As Professor Corrigan stated, "reading is more than looking at words in sequence." Analyzing literature is part attitude and part technique. 
My first impression after reading The Traveling Onion was very different after discussing the poem as a group. Initially, I thought the author was talking about a literal onion. I was amazed at what a huge deal the writer was making about a mere vegetable. 

  After reading the poem through once I wrote " I found this to be very interesting and in depth for something as insignificant as an onion. I am still trying to understand a deeper meaning that the author might have been trying to portray." 

     " An onion falls apart on the chopping block, a history revealed." 
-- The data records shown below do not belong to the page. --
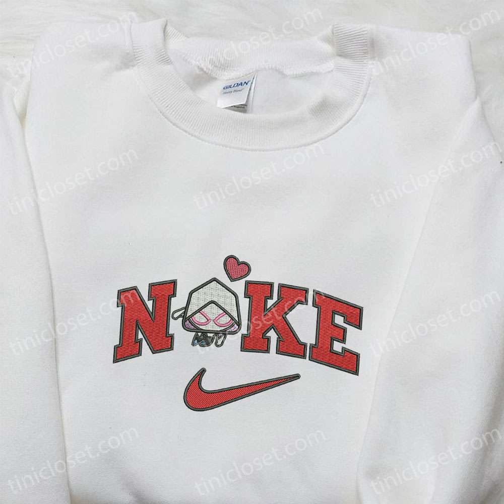 Nike x Chibi Gwen Heart Movie Embroidered Sweatshirt, Marvel Universe Embroidered Hoodie, Custom Nike Embroidered T-shirt
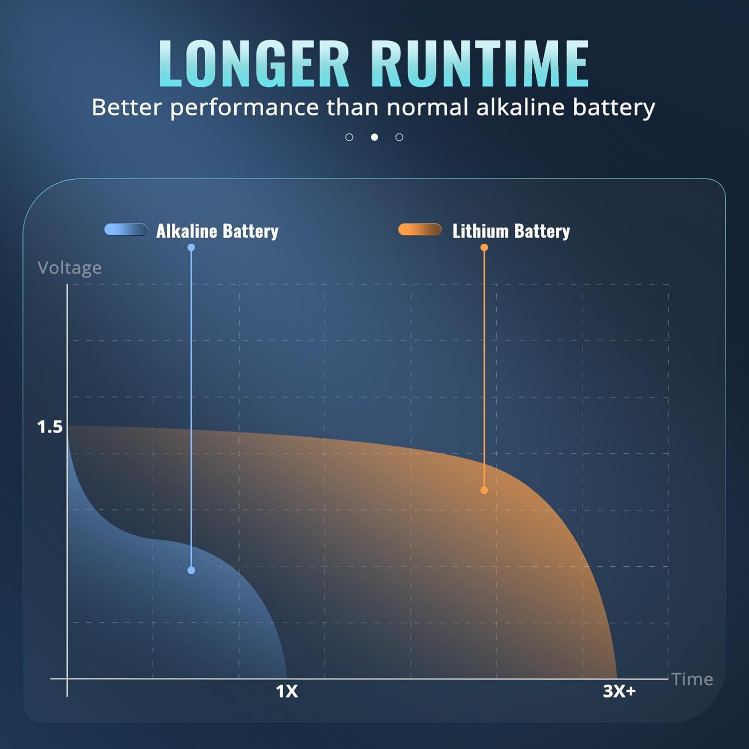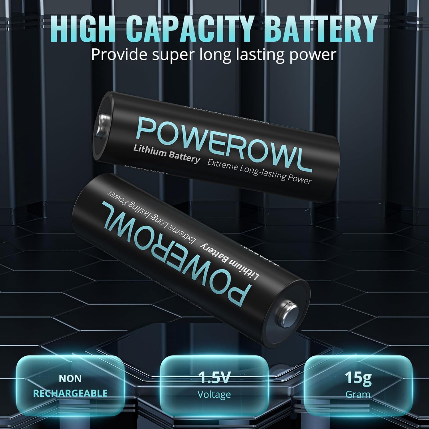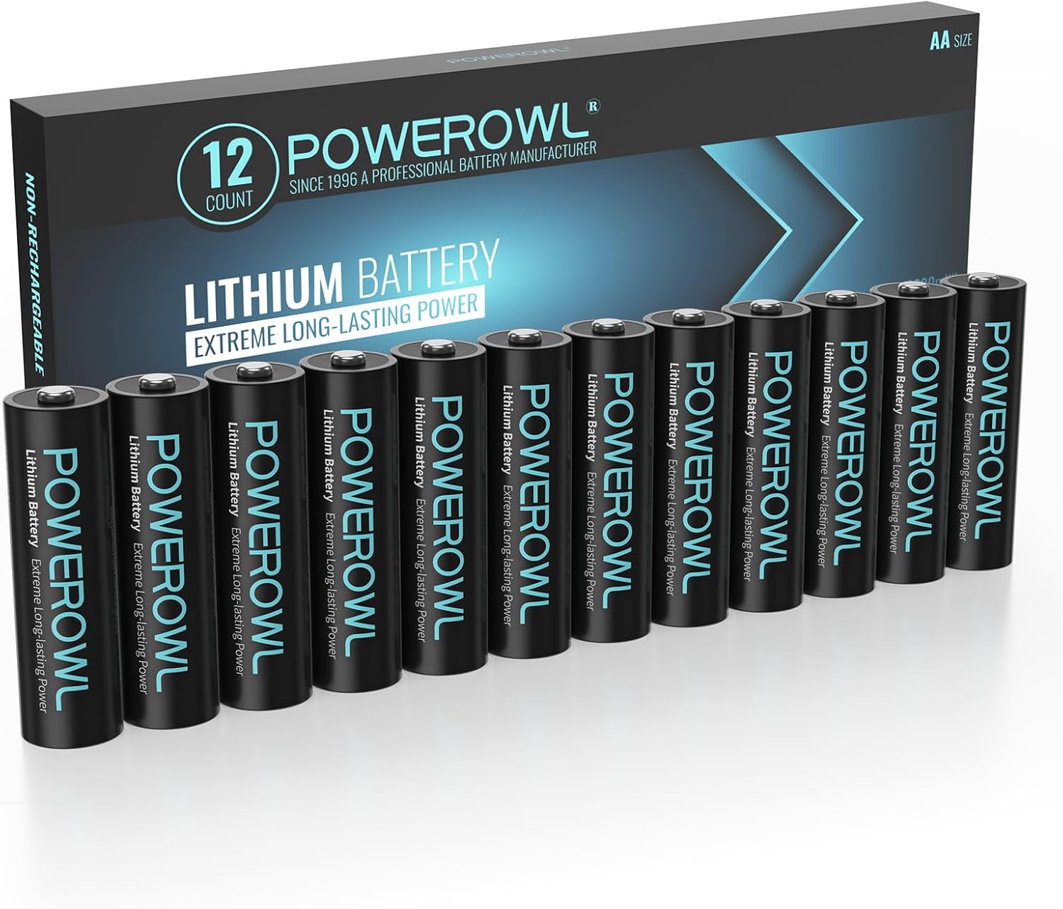 - Hohe Kapazität: 12 Stück nicht wiederaufladbare Powerowl 3000 mAh 1,5 V Lithiumbatterien mit geringem Gewicht (15 g/1 Stück) und langer Lebensdauer (10 Jahre).
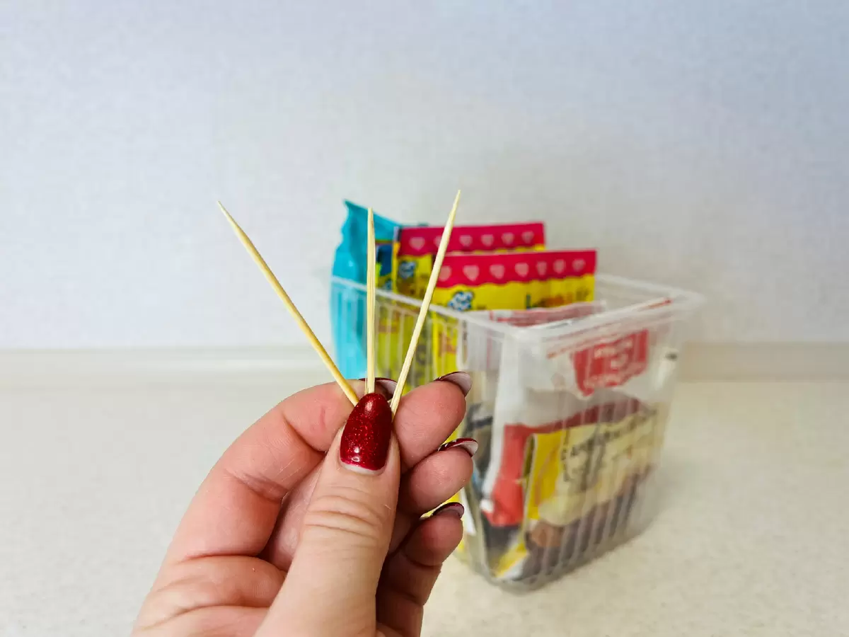 Первый метод заключается в использовании обычных зубочисток. Они могут стать отличным помощником для закрытия бумажных упаковок. Для этого нужно подворачивать открытый край упаковки несколько раз и зафиксировать его зубочисткой. Это обеспечит надежное закрытие, хотя потребуется немного аккуратности при последующем открытии. Вернуться к прежним отверстиям будет не так просто, и важно следить за тем, чтобы не повредить упаковку.
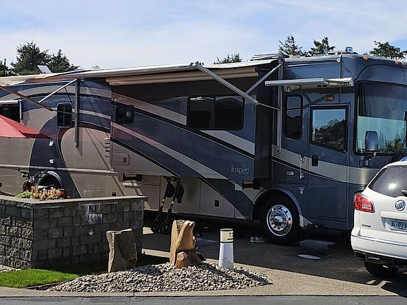 Welcome to Pacific Shores! Come call this beautiful back in lot yours at this gorgeous ocean front resort. With the coach angled to act as a wind screen, you get a wonderful barrier from the coastal breeze, and a protected expanded patio that feels warmer than beyond. This lot includes a well built block privacy wall, an outdoor prep counter, and an adorable wood carved seal! The resort offers private beach access, waking trails, a pickleball court, indoor and outdoor pools and spas, and multiple saunas, in addition to owners only access lounge, kitchen and gym.
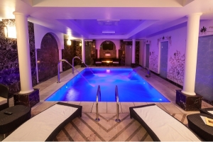 The hotel spa included a small indoor pool with warm wonderful water (about 80 degree F water) and 3 giant external fountain spouts that spray into the pool. Underwater were multiple spa jets and colored lights. Those spouts offer serious waterfall-like massage streams of warm water.
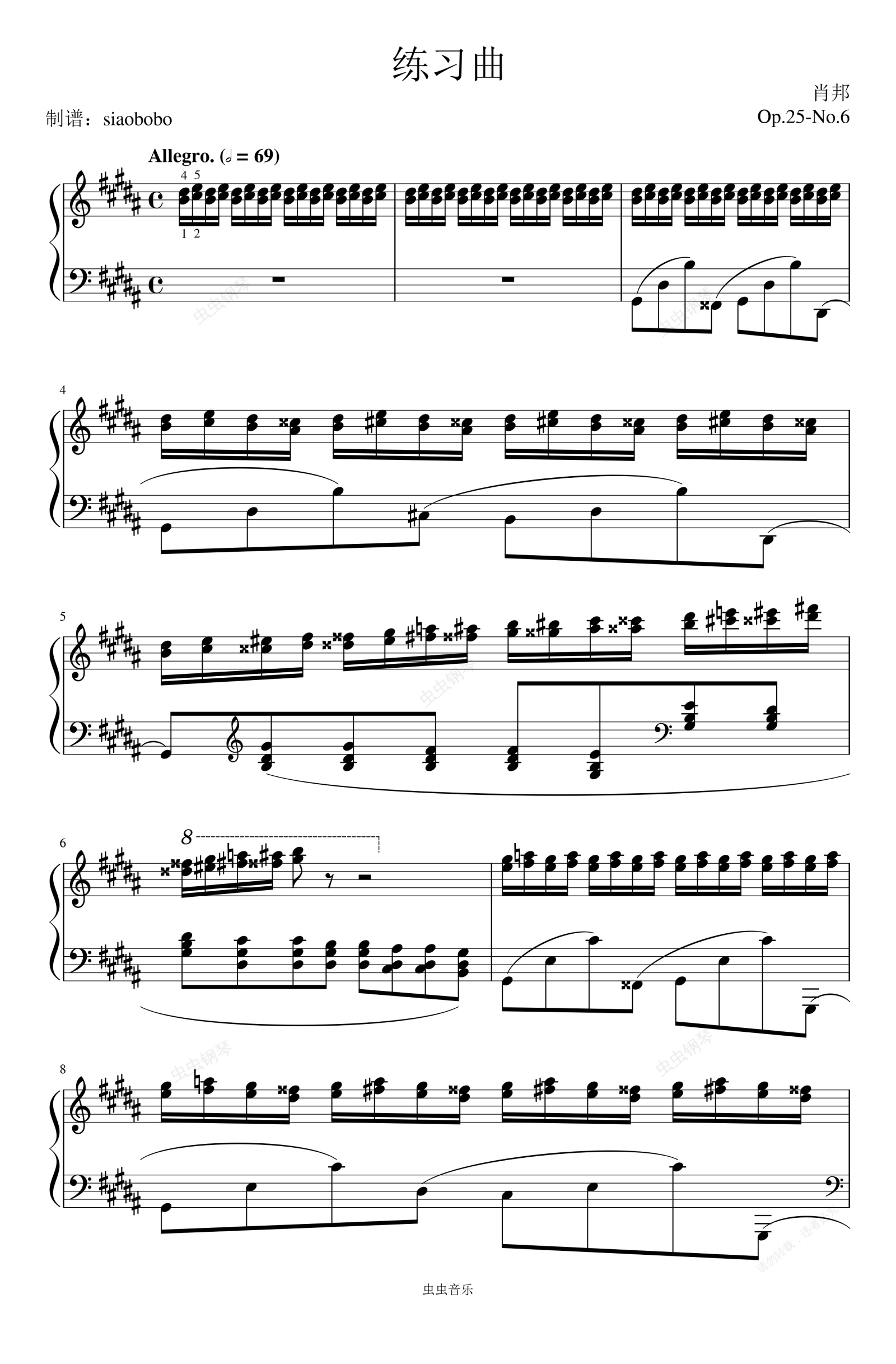 钢琴谱:Etude Op. 25 No. 6——肖邦练习曲(双鸟)

I didn't understand exactly what kind of history an onion could hold at first. 
After discussing the poem as a class, my  view definitely changed. After talking about the poem's content and observing an actual onion being chopped into pieces, it was easier to visualize and understand the poem itself. 
I began to understand the meaning behind "a history revealed." As I saw the onion being chopped up and its individual layers being divided, I began to realize the history and story every single thing holds behind its exterior. We, as people, all have a story to tell. 
Towards the end of the poem Nye states, " And I would never scold the onion for causing tears. It is right that tears fall for something small and forgotten. How at meal, we sit to eat, commenting on texture of meat or herbal aroma but never on the translucence of onion, now limp, now divided."
It reminded me how easily we can look past or ignore people who have such amazing stories and testimonies to share. 

I definitely learned that first impressions can be very misleading from this experiment.